ACTION ITEM:
Could you transcribe exactly the lines below, from the line with "Und der Blauregen" through the line with "Selling an Apple", and nothing else, leaving out the pictures?

DATA FOR THIS TASK:
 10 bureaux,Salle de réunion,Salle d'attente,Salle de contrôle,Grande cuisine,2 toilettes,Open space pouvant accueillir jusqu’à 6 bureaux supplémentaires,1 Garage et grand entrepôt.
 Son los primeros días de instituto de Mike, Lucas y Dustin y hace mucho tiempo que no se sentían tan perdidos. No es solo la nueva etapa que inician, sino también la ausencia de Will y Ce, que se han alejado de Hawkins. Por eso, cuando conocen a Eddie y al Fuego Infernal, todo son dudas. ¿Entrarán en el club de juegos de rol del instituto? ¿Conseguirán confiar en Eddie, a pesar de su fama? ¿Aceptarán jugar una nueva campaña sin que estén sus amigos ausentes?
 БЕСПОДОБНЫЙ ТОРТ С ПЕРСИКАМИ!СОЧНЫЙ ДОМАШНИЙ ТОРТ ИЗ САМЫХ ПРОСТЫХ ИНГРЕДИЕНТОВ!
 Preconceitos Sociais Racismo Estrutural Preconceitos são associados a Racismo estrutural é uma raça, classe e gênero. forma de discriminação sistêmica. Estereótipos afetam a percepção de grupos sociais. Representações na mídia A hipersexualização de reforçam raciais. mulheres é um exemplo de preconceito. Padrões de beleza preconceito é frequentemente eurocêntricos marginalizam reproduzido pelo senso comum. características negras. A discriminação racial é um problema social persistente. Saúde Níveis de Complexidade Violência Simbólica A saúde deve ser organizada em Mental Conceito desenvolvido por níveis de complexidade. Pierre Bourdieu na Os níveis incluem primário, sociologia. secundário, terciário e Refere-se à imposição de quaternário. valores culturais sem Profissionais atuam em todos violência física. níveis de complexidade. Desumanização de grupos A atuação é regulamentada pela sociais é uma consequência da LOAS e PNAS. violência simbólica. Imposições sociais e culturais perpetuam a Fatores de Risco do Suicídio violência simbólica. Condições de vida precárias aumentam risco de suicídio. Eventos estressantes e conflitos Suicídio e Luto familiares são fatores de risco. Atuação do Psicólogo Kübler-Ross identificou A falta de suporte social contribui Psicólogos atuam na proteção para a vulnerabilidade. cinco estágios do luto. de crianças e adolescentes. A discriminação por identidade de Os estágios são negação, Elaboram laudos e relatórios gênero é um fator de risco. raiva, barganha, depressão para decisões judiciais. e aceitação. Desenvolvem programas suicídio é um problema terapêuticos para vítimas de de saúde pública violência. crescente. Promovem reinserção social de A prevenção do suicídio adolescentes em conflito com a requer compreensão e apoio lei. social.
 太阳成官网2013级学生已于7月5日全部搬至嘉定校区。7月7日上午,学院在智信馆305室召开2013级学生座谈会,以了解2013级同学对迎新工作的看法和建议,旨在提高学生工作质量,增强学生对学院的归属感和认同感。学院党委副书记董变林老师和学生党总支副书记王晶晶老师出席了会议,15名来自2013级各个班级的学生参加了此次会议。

==

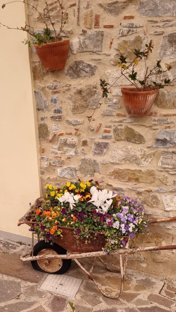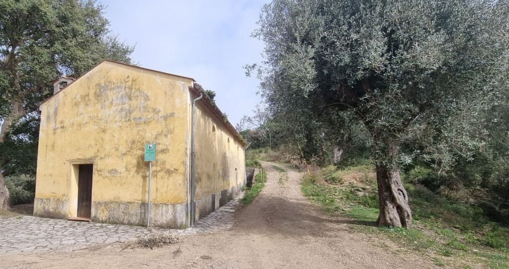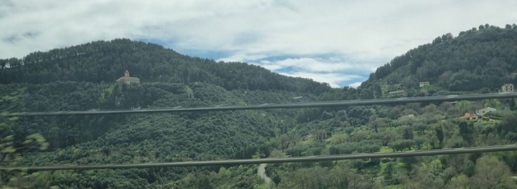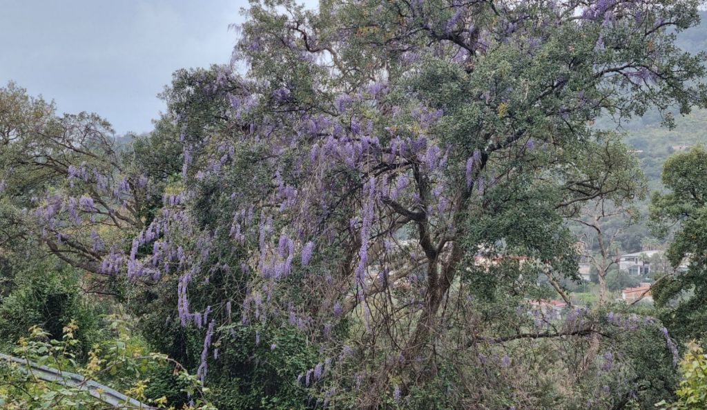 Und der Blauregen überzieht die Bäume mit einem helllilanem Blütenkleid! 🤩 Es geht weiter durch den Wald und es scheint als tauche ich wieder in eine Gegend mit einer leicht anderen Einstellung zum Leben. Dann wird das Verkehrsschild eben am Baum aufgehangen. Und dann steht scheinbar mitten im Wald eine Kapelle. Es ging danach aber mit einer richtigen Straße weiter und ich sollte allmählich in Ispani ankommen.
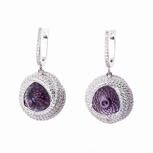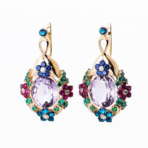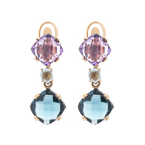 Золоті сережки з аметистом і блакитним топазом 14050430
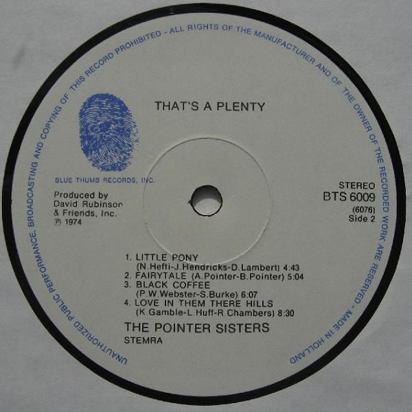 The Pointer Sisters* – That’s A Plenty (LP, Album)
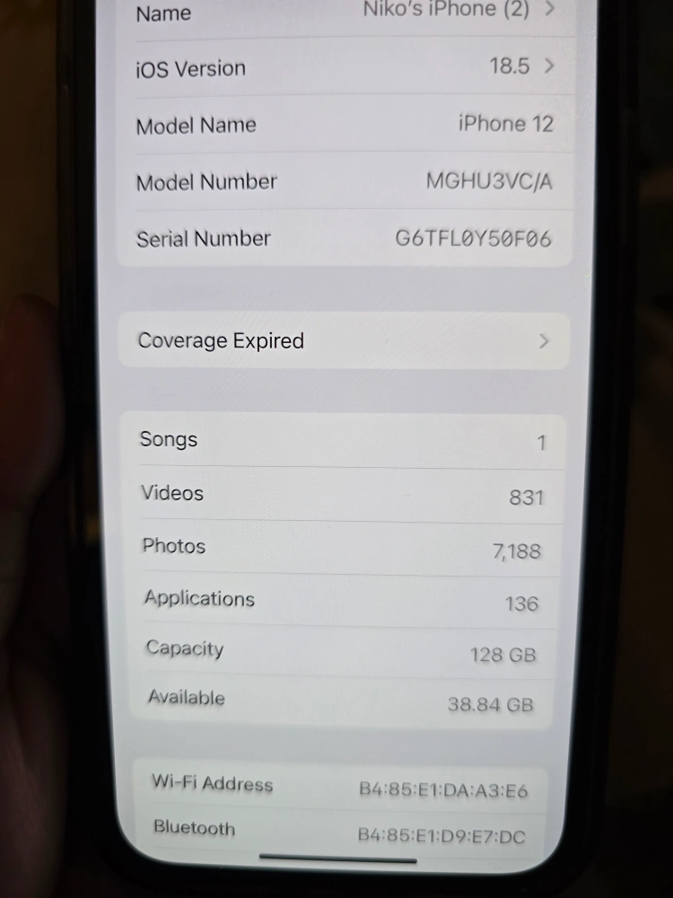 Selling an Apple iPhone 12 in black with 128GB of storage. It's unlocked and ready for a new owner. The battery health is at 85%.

RESPONSE BELOW:
 Und der Blauregen überzieht die Bäume mit einem helllilanem Blütenkleid! 🤩 Es geht weiter durch den Wald und es scheint als tauche ich wieder in eine Gegend mit einer leicht anderen Einstellung zum Leben. Dann wird das Verkehrsschild eben am Baum aufgehangen. Und dann steht scheinbar mitten im Wald eine Kapelle. Es ging danach aber mit einer richtigen Straße weiter und ich sollte allmählich in Ispani ankommen.
 Золоті сережки з аметистом і блакитним топазом 14050430
 The Pointer Sisters* – That’s A Plenty (LP, Album)
 Selling an Apple iPhone 12 in black with 128GB of storage. It's unlocked and ready for a new owner. The battery health is at 85%.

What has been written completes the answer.